Any portion of the gas system which is to undergo cleaning must be completely isolated. Ventilation is best effected by the introduction of compressed air. Thus a foundry (in the Duisburg district) has provided all its cellars and passages, through which gas pipes pass, and which must be entered during repairs, with compressed air pipes. It is, however, advisable that gas conduits should only be entered by workers equipped with breathing apparatus and oxygen supply. Naturally adequate instruction of workers and training in first aid are necessary, as well as a sufficient supply of oxygen in constant readiness.
Injurious gases can escape from the furnace during tapping and slag running; poisonous gases with a disagreeable odour, from presence of sulphuretted hydrogen, also arise in granulating the slag, that is, when the fluid slag is led into water for subsequent use in preparation of cement. These gases should be collected by hoods, and be carried away as far as possible.
In the manufacture of steel by the Bessemer or Thomas-Gilchrist process, the dark smoke arising out of the converter during the blowing operation should be drawn off (led into flues), as it is injurious to health. In the Martin furnaces poisoning may occur, especially when the gas flues are entered after cessation of work. In letting out the gas in order to stop the furnaces, the gas and air valves must first be closed and the outlet valves for gas be opened only after the pipes have been filled with steam. Steam is to be driven through until the pipes are quite free from gas, and the system only entered after it has become thoroughly cooled. If need arises for entering portions of the system while neighbouring parts are still filled with gas, the workers employed require to be provided with breathing apparatus and smoke helmets.

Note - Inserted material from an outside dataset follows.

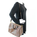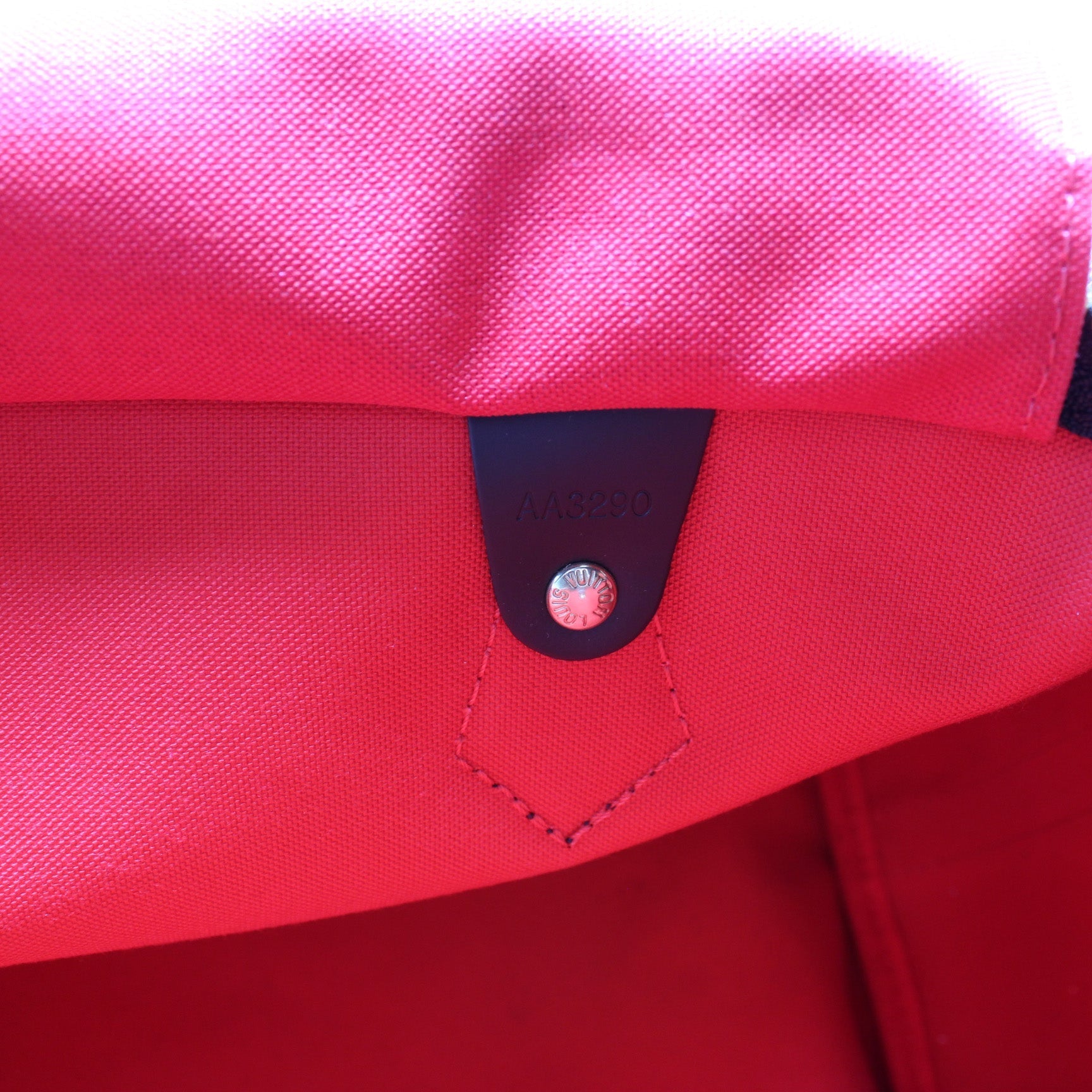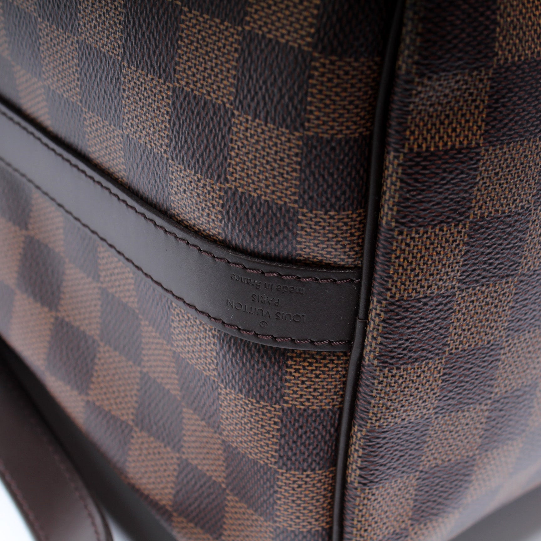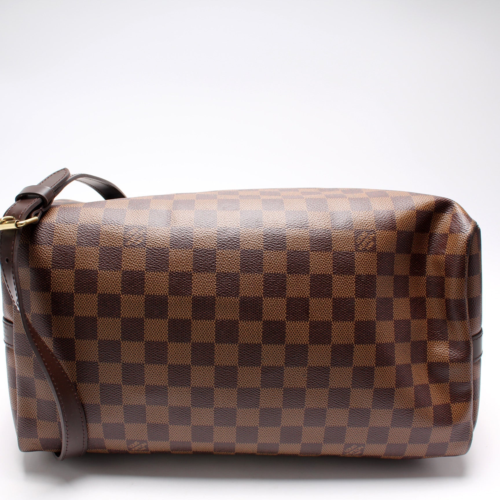 This Louis Vuitton Speedy 35 Bandouliereis eye catching bag. The exterior is in the classic Louis Vuitton Damier Ebene coated canvas.

In the transport of ferro-silicon several cases of poisoning have occurred. Cautionary regulations, therefore, relating to this work have been found necessary.
Such directions are contained in the police regulations of the Prussian Minister of Trade and Industry respecting the transport on the Rhine of corrosive and poisonous substances (dated September 29, 1910).
It is prescribed: (1) that ferro-silicon be packed in strong watertight cases of wood or metal; (2) that on the cases be inscribed, legibly and indelibly, the notice ‘Ferro-silicon. To be kept dry! With care!’ (3) that the substance be delivered dry and in dry cases; (4) that the cases be stored in airy places on the deck of the ship in such a manner that they are protected from wet.
Further, care is to be taken that the storage on ships is done in such a way that possible damage to the material in which it is packed entails no risk. The harbour authorities where loading or landing takes place can deal with special cases as they think fit.
International regulation as to transport of ferro-silicon in the spirit of the above regulations would be most desirable in view of the oversea trade in this substance.[K]
(See also pp. 120-40 and 177-82)
For protection against lead poisoning, the most widely spread of the slow industrial poisonings, all those measures are of moment which we have described in our general discussion on protection against danger from poison in industries, both personal and general.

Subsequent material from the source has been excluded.